Note that simply aborting a faulty program or process, or part thereof, is not an option. The system must attempt to autonomously get the control program and its processes into a stable and predictable state again.

Overview

Run-time errors are detected and handled by two mechanisms:

Traps: traps are run-time checks inserted by the Oberon compiler, hence detected by the running program itself. They are handled by the handler Errors.trap, which is installed at a defined, fixed memory address, and is invoked by a BL instruction, not as an interrupt handler (unlike, say, a Cortex-M processor).
Aborts: aborts are detected and registered by hardware, since they handle error conditions that cannot (or only with a massive overhead) be detected by the running program.

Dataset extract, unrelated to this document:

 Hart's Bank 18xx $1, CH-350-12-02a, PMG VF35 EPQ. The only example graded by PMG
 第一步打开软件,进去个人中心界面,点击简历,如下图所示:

They are handled by Errors.reset.

Handled Run-time Errors

Traps

The Oberon compiler inserts the following run-time checks, resulting in traps if violated:

array index of of bounds
type guard failure
array or string copy overflow
access via NIL pointer
illegal procedure call
integer division by zero
assertion violation

Aborts

Watchdog: the watchdog is a hardware device that detects a process that does not yield control in time, or not at all anymore. The watchdog timer requires to be reset from software before it expires.

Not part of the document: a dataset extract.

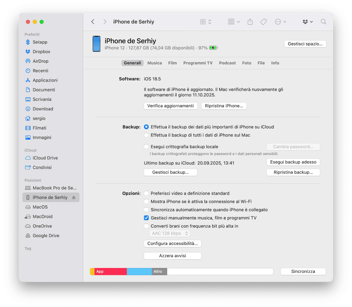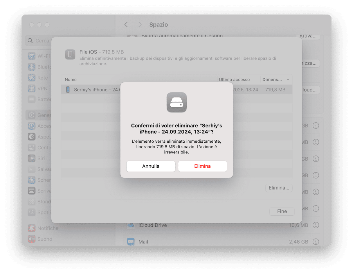 Il modo più sicuro e semplice per cancellare i File iOS dal Mac è quello di utilizzare le Impostazioni spazio di archiviazione di macOS.

The watchdog timer is reset by the scheduler before each execution of a process. It can be disabled by a process. For example, commands are executed with the watchdog disabled.
Stack Overflow: the stack overflow monitor is a hardware device that detects when the stack pointer reaches into the so called hot zone of the stack memory area, or even outside this area.
Not Alive Process: using the timeout functionality (see module Processes), a process can detect if it is “not alive”, ie. not being activated by the scheduler within a defined time period. The process can then attempt to handle the situation. For example, a hardware device just needs to be queried again. As ultimate measure an abort can be triggered.
Kill/abort Push Button: the manual kill/abort push button triggers an abort.

Note: the abort button of the stock Embedded Project Oberon system, which hardware-resets the system, but does not reload the system software, has been replaced by the above kill/abort button, plus a reset button that hardware-resets the system, and always reloads the system software.

Handlers

Trap Handler

When encountering a trap, the trap handler Errors.trap is called. This handler registers the error number and error code address in the system control and status registers (SCS), and resets the system. The bootloader not load restart the system, but immediately branch to Errors.reset, similar to the abort handler in Embedded Project Oberon.

Abort Handler

When an abort error is detected by the hardware, it registers the error number and error code address in the system control and status registers (SCS), and resets the system. Thereafter, the procedure is the same as for traps.

Error Handler

The error handler Errors.error implements the error recovery. It does not return: either the system is reset or restarted, or the scheduling is reset and starts to execute the processes depending on the recovery conditions and procedure.

Error in Error Handling

If a trap or abort occurs during error handling, a system fault is logged, and the system is restarted.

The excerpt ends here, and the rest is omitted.